Fishing panfish is by far one of the most enjoyable ways to spend a day. Since our last guide trip last weekend, I have been chasing pannies every single day. This week I have gone as far as even traveling to Ottertail County, MN for a day trip in panfish paradise. Anyone that knows sunfish, crappies, and perch will agree, they can be challenging, but when you find where and what is working, the rewards can be staggering. Game plans for hunting panfish for me start with location and documented journals. I like to look back and often go against what we should not do, that is fishing memories. If last year, mid to late march I found successful fish outings doing something, I look to repeat that same cycle.
Everybody of water has its own culture and fish tendencies, but here are a few commons. On small to medium-sized lakes, I like to always start on shallower weeds. All year long panfish relate to vegetation, especially in the spring when photosynthesis is just starting to engage. On shallower areas of lakes, this is where it all begins. Plants and other organisms will convert light energy into chemical energy, and this will ultimately fuel organisms’ activities. In simpler terms, mud is starting to eat dead decaying weeds and beginning to sprout new vegetation and microscopic bug larvae. Fish, especially small forage-based perch and bluegills will take advantage of this. The further into the “ice out” phase, and into the early open water spring we go, the fishing will only get better. Waters to the south are obviously a couple of steps ahead of us in the north country.
As mentioned, smaller fish will start on these locations, but as the days continue to get longer and things warm up, more and more mature gills will start to infiltrate as well. Until then the bigger panfish can often be found roaming in schools over soft substrate areas in, and around deeper basins. I like to look for these fish near the deep holes but on the break or transition spots. Depth to target depends on the size and characteristics of the lake, but my favorite depths are usually in the 13-19 feet of water. Medium to larger lakes may take a little longer with the “science” process, on account of the volume of water. However, you can always break lakes into sections, and it pays to look toward back bays. Think of them as little lakes inside of big lakes. After the location has been established, there are a few ways I like to attack the fish.
Modern ice angling has taught us that drilling out several holes for hole hopping is productive. With that said, if you’re going to be a successful panfish angler, plan on putting in maximum effort. Sure, a guy can drill out a couple of holes and sometimes find luck. However, I would rather increase my odds any way I can. This includes going above and beyond “a couple” holes. On a typical day, you will catch our team making swiss cheese out of a panfish location. Depending on what stage the panfish are in (if they are spread out or schooled uptightly) also plays into our “ice trolling” auger sequence. Tightly schooled fish for me require a hole no less than every 6 feet. For more spread-out fish or bigger areas, I would say a hole no less than every 12 feet. From there, you usually can dial in productive ice fishing holes. A couple of notes in relation to making swiss cheese that should be mentioned: try and complete drilling operations early to allow the fish time to recover from all the noise pollution and work in teams to increase efficiency.
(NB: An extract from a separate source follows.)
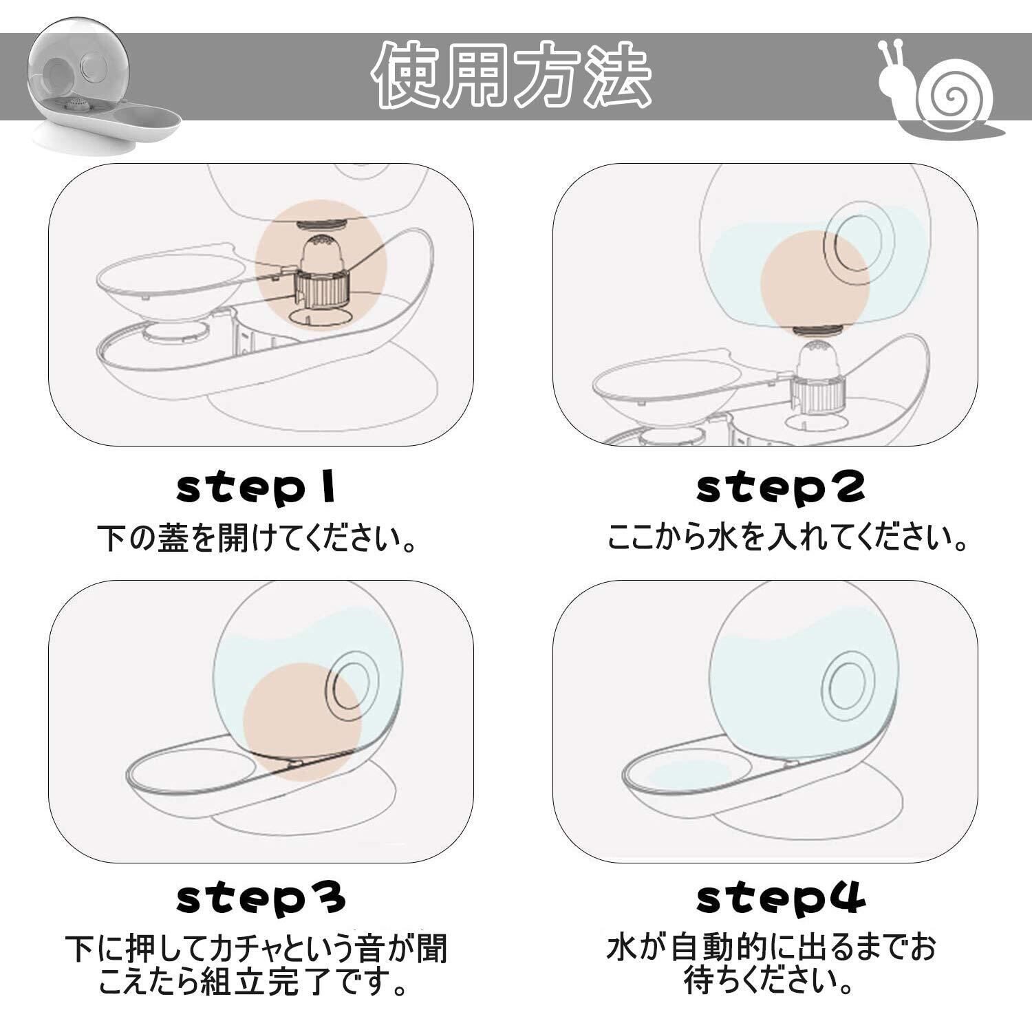 【使用方法】 Step1 給水タンクの底部の両側で手を置き、回せずに給水タンクを直接に上に引き抜けます。或いは、水飲みトレイを片手で押しながら、給水タンクを片手で片側を浮かして引いて外します。(給水タンクを回転しないでください) Step2 給水タンクの蓋を開けて水を入れた後、蓋を締めます。 Step3 給水タンクを台座へ押して「カチャ」と音が聞こえれば組立完了です。

For example, one guy drilling and another checking depths and for fish with a Vexilar. Again, and to be clear, it’s nice to get the grunt work out of the way before dropping a line. The more up-front work that is completed, the better the chances for a successful day of fishing.
Let’s talk about rod, line, bait presentation. My go-to panfish rod is always going to be a very limber soft-tipped type fishing pole. My line is going to be very small diameter #2lb or #4lb monofilament. For the business end of things, we can go on and on about what works best, but these are my usual go-to’s. I like several of the Northland Fishing Tackle panfish selections including but not limited to: MudBug, Gill Getter, Tungsten Punch Fly & Punch Jig, etc. These baits all have a horizontal profile approach which is very productive for catching the roof of the mouth in a panfish. Of course, these jigs come in different sizes, and choosing the right weight and size to fish will often depend on the fish’s attitudes. If they are going “gangbusters” I like to utilize large, and vice versa for a slower bite. As far as what to tip on my jigs also depends on fish attitude. It can often be hard to beat the magic of a live waxworm or maggot, but like any avid fishermen, I always try to get by with using soft plastics. A couple of my go-to’s are the Impulse lines of skeleton minnows and water fleas.
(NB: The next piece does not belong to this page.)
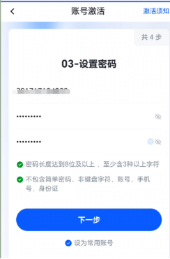 第三步 需要用户设置密码,同时系统将按照内置的密码得分算法对用户密码进行评分,若评分低于规定分值,则不允许用户提交。

Technique plays a critical role when on top of fish as well. I like to always try and catch the fish that is above the others in the school. The reason why is because if the fish are in a skittish way, I do not want to chase off fish by catching other fish. On the flip side of things, sometimes success can come from “creating your own school”. If struggling to mark multiple fish on your Vexilar, try to build up a population of active feeders. One way I do this is to hook up with a panfish and slowly retrieve it. Often this can trigger a feeding frenzy. Fish are competitive feeders by nature, so it’s not uncommon to build your own school of fish. As we transition from late ice into open water, take it from me that much of this information can also relate to successful long rodding. I hope you come to find some of this knowledge useful on your next panfish adventure. All the best hooksets and I’ll see you out there!